What Does the Iterative Process Mean in Psychology?

Psychological assessments are iterative. Information is gathered and evaluated, symptoms are identified, and outcomes or treatments are suggested. Clinicians later evaluate their patients’ changes and adjust treatments. Iteration occurs by reviewing the data and connecting it to emerging insights.

The iterative reprocessing model hypothesizes that emotional episodes (such as anger or joy) are created as information flows through certain centers of the brain. The brain integrates a person’s goals, values, desires, and intentions to shape an emotional instance. Different patterns of neural activity can create different emotional events.

At the heart of all science is the iterative process, with the goal of getting closer to the truth through research over time. Research relies on the credibility of previous findings so that iteration can occur. According to recent article in Nature, psychology faces a replicability crisis. Researchers tried to reproduce the findings of 21 experiments, but had limited success. Other factors may be at work, however. Because it involves human emotion, psychology is extremely complicated and experiments can be difficult to duplicate.

 

Challenges of the Iterative Process

One major threat to the iterative process is scope creep, which can occur due to the lack of firm deadline or defined solution. To avoid scope creep, project managers should maintain a list of priorities and benchmarks.
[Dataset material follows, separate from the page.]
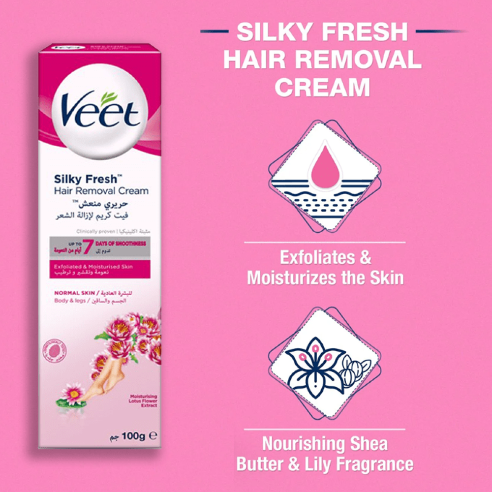 كريم سيلك أند فريش لإزالة الشعر من فيت 100مل :منتج يعمل بالقرب من جذور شعرك ويمنحك بشرة حريرية وناعمة في مدة من 3 إلى 6 دقائق فقطيمكنك استخدام كريم إزالة الشعر على الشعيرات المستعصية في جميع أنحاء الساقين والذراعين والإبطين وغير ذلك الكثيرتركيبة مطورة تمنحك تجربة إزالة شعر مريحة دون ألم في منزلك
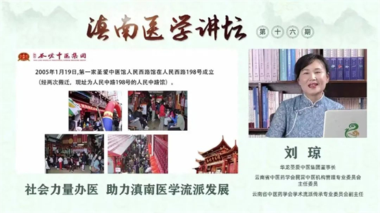 为助推滇南医学流派建设,为中医学派发展贡献社会力量,8月9日晚华龙圣爱中医集团董事长、云南省中医药学会民营中医机构管理专业委员会主任委员、云南省中医药学会学术流派传承专业委员会副主任刘琼女士做客《滇南医学讲坛》直播间,为大家分享《圣爱中医馆中医学术流派建设实践经验分享》,当晚众多中医行业领导者、中医学术流派门人弟子、中医药从业者等进入直播间与刘琼董事长互动对话,共赴一场“学习盛宴”。

Timelines can also be a challenge. Team members want to keep tweaking to improve a product. This can make stakeholders and clients restless. Project managers may need to pay more attention to the team, be firm about the requirements that need to be addressed in the iteration, or be willing to say a product is good enough for testing and evaluation.

If you are working with vendors on any project, you need to be clear about the requirements and timeline. In the iterative model, clear contracts and expectations are essential. At the beginning of any contract, ensure that you have a hourly or market rate if the project veers too far off scope or time. Even if the project changes for good reasons, both you and the vendor must be willing to be flexible rather than stick to a schedule or scope that defeats the whole point of iterating.